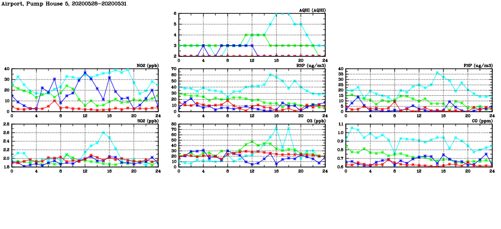 | Air Quality Data Time Series in Airport, Pump House 5 (2020/05/31) | ( Line colors: Day -3 Day -2 Day -1 Current day ) | 2D Map Current AQHI |
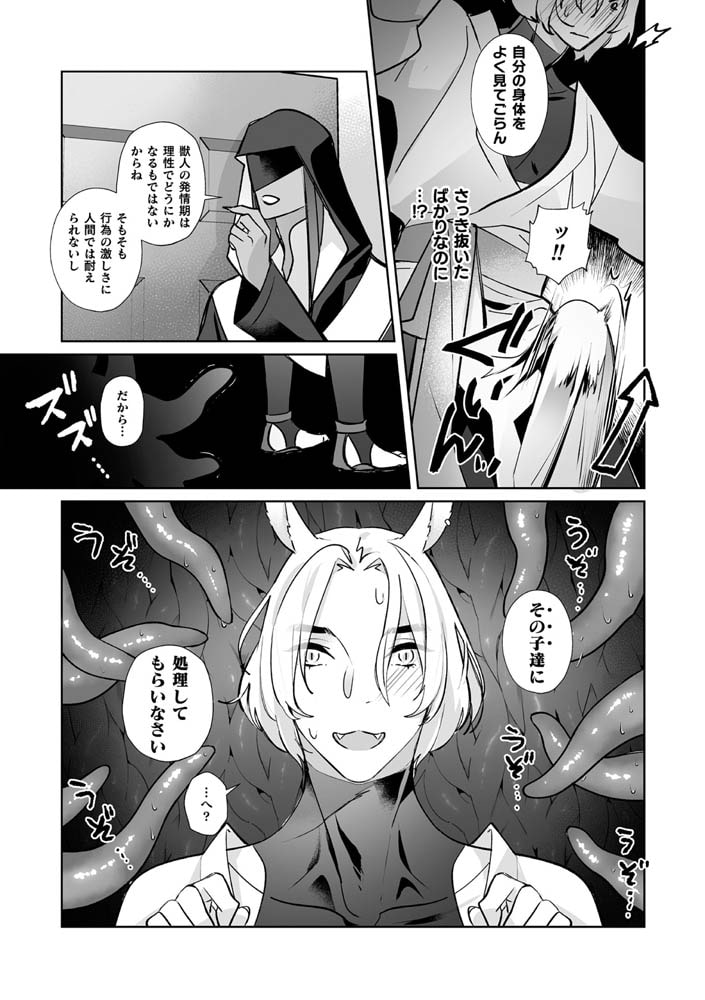 発情期を過ごすために地下室にいたのは催淫効果を持つ触手たちがリチェの身体をまさぐりイかせまくりで彼は本能のまま快楽を貪りまくるのであった。
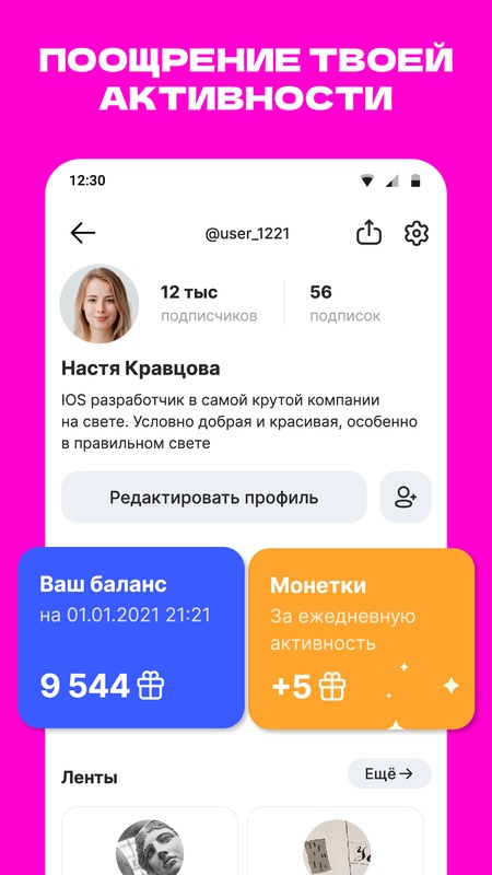Место, где любой автор контента может показать свои творения сразу на всех пользователей платформы ЯRUS. Если ты снимаешь большие или вертикальные видео, пишешь классные посты, выкладываешь интересные фотографии – тебя увидит вся аудитория приложения. Так ты сможешь набрать себе подписчиков и получать от них поддержку с помощью монеток!
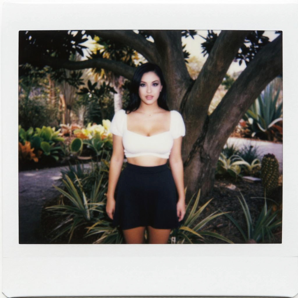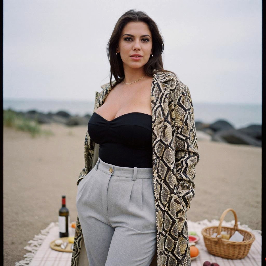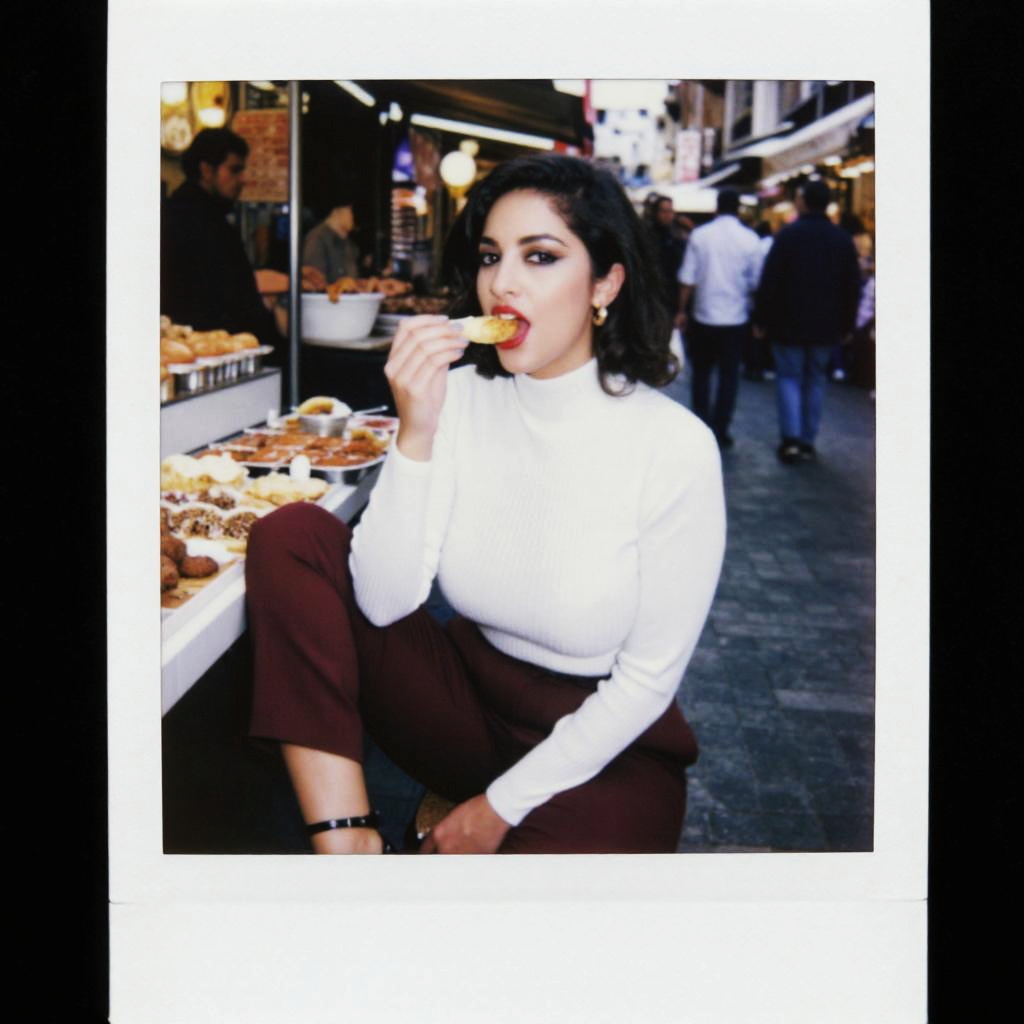A woman in a ribbed white turtleneck and burgundy tapered trousers, black ankle strap heels, captured in a polaroid instant camera style, enjoying gourmet street food at the Istanbul bazaar. Sexy. Pretty face and beаutiful eyes. Big breasts
=====
Give back, exactly as written, the lines from the top of the material through the line with "発情期を過ごすために地下室に", ends included and pictures left aside.

Reply —
 | Air Quality Data Time Series in Airport, Pump House 5 (2020/05/31) | ( Line colors: Day -3 Day -2 Day -1 Current day ) | 2D Map Current AQHI |
 発情期を過ごすために地下室にいたのは催淫効果を持つ触手たちがリチェの身体をまさぐりイかせまくりで彼は本能のまま快楽を貪りまくるのであった。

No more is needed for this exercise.